Automated Data Collection with LLM, Google Custom Search, Video Transcription, Web Scraping, Instagram API, OpenAI Vision, and OpenAI Whisper.
This repo has kind of turned into a playground for me to use OpenAI LLMs.
This Python project automates data collection on user provided topics.
- Query Generation: LLM creates relevant search queries.
- Data Collection: NewsApi, YouTube, and Google Search to collect data on specific topics.
- Data Scraping: Uses Playwright and BeautifulSoup to fetch and extract web content. Uses MoviePy to extract audio data from videos. Uses OpenAI Whisper Model to create audio transcriptions.
- Summarization: LLM summarizes scraped data into concise reports.
- End-to-End Automation: Fully automated from input to summarized output.
- Instagram Integration:
- Read a user's Instagram.
- Process pictures using OpenAI vision.
- Create an object-weighted graph based on object occurrences in the pictures.
- Summarize picture settings and subjects.
- Summarize the user's Instagram in total.
- Chat Functionality:
- Chat with LLM
- Build character from instagram images
- Chat with instagram character
- Chat Assistant Timeline Builder:
- Timeline builder assistant
- Saves, updates, suggests, finds milestones or memories for a persons life.
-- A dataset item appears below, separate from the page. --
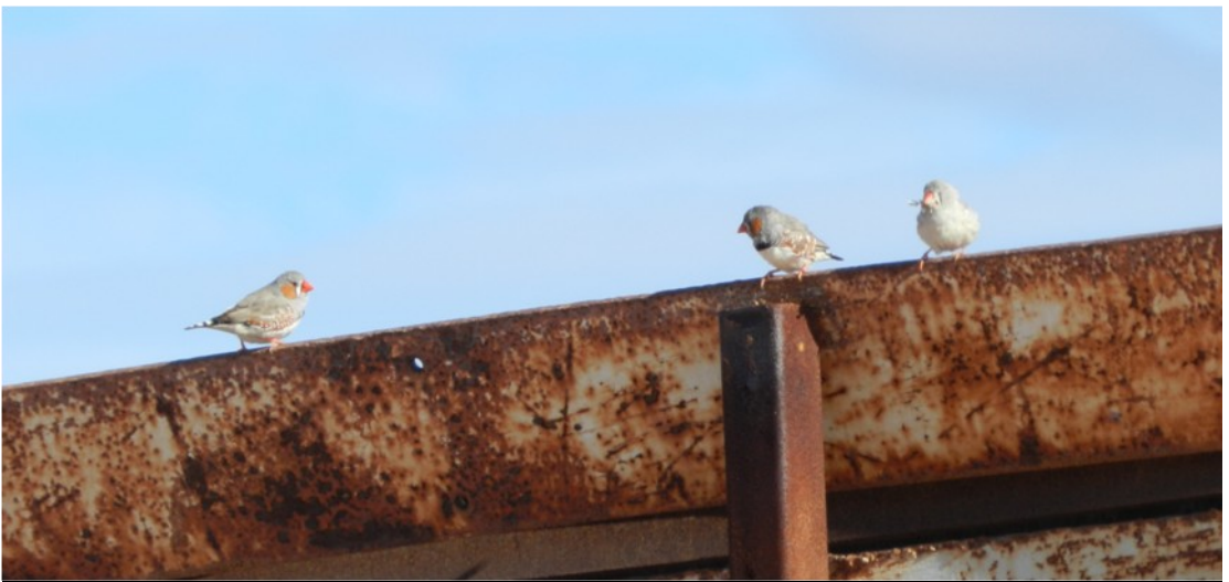
This months photo: Finches nesting in a noodling machine located on an opal mining claim in Andamooka. Many of our local miners have various wildlife living alongside their workings.

We urge you to take the time to attend the next forum, and to help make Andamooka a great place to live and to visit.

- Uses GPT functions to modify, add, update, delete, find user milestones from milestone store.
- Allows users to upload images to associate with milestones.
- Provies output for visualizing on a timeline in the front end.
- Python, OpenAI API, Google Custom Search API
- Playwright, BeautifulSoup, MoviePy, NewsAPI
- InstagramAPI, NetworkX
-
Clone the repo:
git clone https://github.com/your-username/your-repo-name.git cd your-repo-name
-
Install dependencies:
pip install -r requirements.txt
-
Set up API keys:
Create a.env
file with:OPENAI_API_KEY=your_openai_api_key GOOGLE_CUSTOM_SEARCH_API_KEY=your_google_custom_search_api_key GOOGLE_CX=your_google_cse_id NEWS_API_KEY=newsapi_key INSTAGRAM_CLIENT_ID=insagram_client_id INSTAGRAM_CLIENT_SECRET=insagram_client_secret INSTAGRAM_REDIRECT_URI=instagram_redirect_uri INSTAGRAM_ACCESS_CODE=insagram_access_code
-
Run the script: Currently only the "news" source is supported.
python src/researcher/main.py --topic "Your topic here" --source "[news, google, youtube, all]"
-
Check Results Folder: Find result json file in results folder
- Input a topic.
- LLM generates search queries.
- Data source retrieves results.
- MoviePY transcribes video or Playwright & BeautifulSoup scrapes web pages.
- LLM summarizes the scraped content.
- Support for more search engines.
- Advanced query generation and filtering.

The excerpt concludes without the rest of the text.